Похоронили на Введенском кладбище. «Говорили, что тете Шуре вырыли отдельную могилу, но это мало вероятно». (3. Нужина). Тогда в Вологде копали братские могилы — хоронили много эвакуированных и умерших в госпиталях. Через два дня умерла маленькая Надя. Ее тоже похоронили на Введенском кладбище. Возможно, вместе с матерью, одновременно. На мой вопрос «Шел ли Коля за гробом матери с цветком?» соседи ответили: «Могло такое быть».

Вскоре Коля потерял хлебные карточки.

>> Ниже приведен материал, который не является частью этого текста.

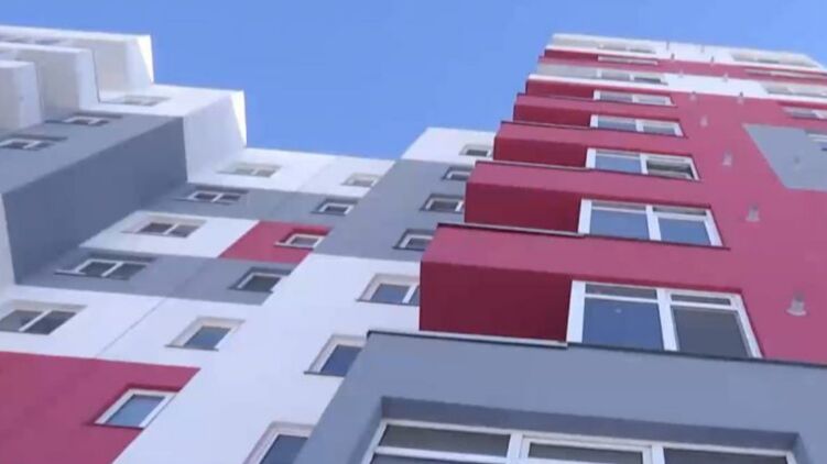 Многоэтажный дом, из окна которого выпал военный. Скриншот с видео

Галя посылала его в хлебный магазин к Екатерине (церковь Екатерины на углу Герцена и Менжинского, сейчас на месте магазина «Переговорный пункт»). У них были одни ботинки на двоих. Соседи вспоминают: «Видимо, Галя его сильно наказала за карточки. Коля сбежал из дому. Дня 3-4 его искали, потом сам пришел. Сказал, что был в лесу, и прочитал стихотворение. Галя сразу записала его в тетрадь. (Вероятно, Коля скрывался где-то на окраинах города, в кустах...)

Голодали они без матери. Но пели песни. Галя хорошо пела, и на ногу легкая была».

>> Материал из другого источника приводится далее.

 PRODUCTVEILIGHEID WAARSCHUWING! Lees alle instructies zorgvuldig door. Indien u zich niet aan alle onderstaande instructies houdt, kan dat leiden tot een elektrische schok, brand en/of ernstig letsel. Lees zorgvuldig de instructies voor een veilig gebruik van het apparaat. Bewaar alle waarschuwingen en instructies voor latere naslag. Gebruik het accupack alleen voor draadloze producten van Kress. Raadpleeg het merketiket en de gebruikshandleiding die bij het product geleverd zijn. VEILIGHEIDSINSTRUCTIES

Коля был мальчик живой. Все время что-то говорил, рассказывал, все соседи его любили. Зорина со второго этажа хотела его усыновить. Еще кто-то хотел, кажется. Но не решились. Да и как это сделаешь при живом отце!

«Теть Зина,— говорил Коля Зинаиде Шадруновой,— я посижу у вас». — «Посиди». — «Теть Зина, возьмите меня к себе жить».

Подруга Гали вспоминает: «Песни мы пели взрослые, которые звучали по радио и в кино. «Любимый город может спать спокойно», «Спят курганы темные», «А ну-ка, девушки, а ну, красавицы», «Все васильки, васильки», «Сулико», «Про царицу Тамару». Из народных — «Посею лебеду на берегу», «Уж как я ль мою коровушку люблю».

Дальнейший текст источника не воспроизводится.